>>>

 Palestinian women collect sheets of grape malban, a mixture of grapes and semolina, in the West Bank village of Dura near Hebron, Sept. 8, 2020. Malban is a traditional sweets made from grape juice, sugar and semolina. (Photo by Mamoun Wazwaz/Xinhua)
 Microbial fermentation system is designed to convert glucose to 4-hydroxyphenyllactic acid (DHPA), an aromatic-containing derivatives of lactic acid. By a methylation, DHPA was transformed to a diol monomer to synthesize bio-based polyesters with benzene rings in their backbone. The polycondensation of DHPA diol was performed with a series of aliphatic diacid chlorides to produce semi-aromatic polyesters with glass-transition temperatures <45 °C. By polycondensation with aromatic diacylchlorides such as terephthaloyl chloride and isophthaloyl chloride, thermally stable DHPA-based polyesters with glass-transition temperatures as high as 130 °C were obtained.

<<<
>>>

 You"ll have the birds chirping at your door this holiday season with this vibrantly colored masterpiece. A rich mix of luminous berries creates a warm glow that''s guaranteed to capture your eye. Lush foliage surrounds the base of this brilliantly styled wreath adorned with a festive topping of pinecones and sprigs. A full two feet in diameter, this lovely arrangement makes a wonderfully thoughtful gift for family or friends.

<<<
>>>

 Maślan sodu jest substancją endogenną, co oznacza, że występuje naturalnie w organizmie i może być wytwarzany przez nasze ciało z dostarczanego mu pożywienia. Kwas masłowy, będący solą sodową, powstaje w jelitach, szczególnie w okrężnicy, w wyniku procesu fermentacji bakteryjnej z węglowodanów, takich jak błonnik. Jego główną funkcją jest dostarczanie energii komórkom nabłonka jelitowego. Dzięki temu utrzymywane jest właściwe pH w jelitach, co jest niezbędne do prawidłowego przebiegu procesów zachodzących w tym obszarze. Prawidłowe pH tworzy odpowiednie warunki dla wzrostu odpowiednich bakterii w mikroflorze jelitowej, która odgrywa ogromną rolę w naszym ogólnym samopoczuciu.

<<<

Assignment
Using only the entries above, output the line with "Palestinian women collect", the line with "Microbial fermentation system", and all lines between them, exactly as they stand.

Answer to the problem
 Palestinian women collect sheets of grape malban, a mixture of grapes and semolina, in the West Bank village of Dura near Hebron, Sept. 8, 2020. Malban is a traditional sweets made from grape juice, sugar and semolina. (Photo by Mamoun Wazwaz/Xinhua)
 Microbial fermentation system is designed to convert glucose to 4-hydroxyphenyllactic acid (DHPA), an aromatic-containing derivatives of lactic acid. By a methylation, DHPA was transformed to a diol monomer to synthesize bio-based polyesters with benzene rings in their backbone. The polycondensation of DHPA diol was performed with a series of aliphatic diacid chlorides to produce semi-aromatic polyesters with glass-transition temperatures <45 °C. By polycondensation with aromatic diacylchlorides such as terephthaloyl chloride and isophthaloyl chloride, thermally stable DHPA-based polyesters with glass-transition temperatures as high as 130 °C were obtained.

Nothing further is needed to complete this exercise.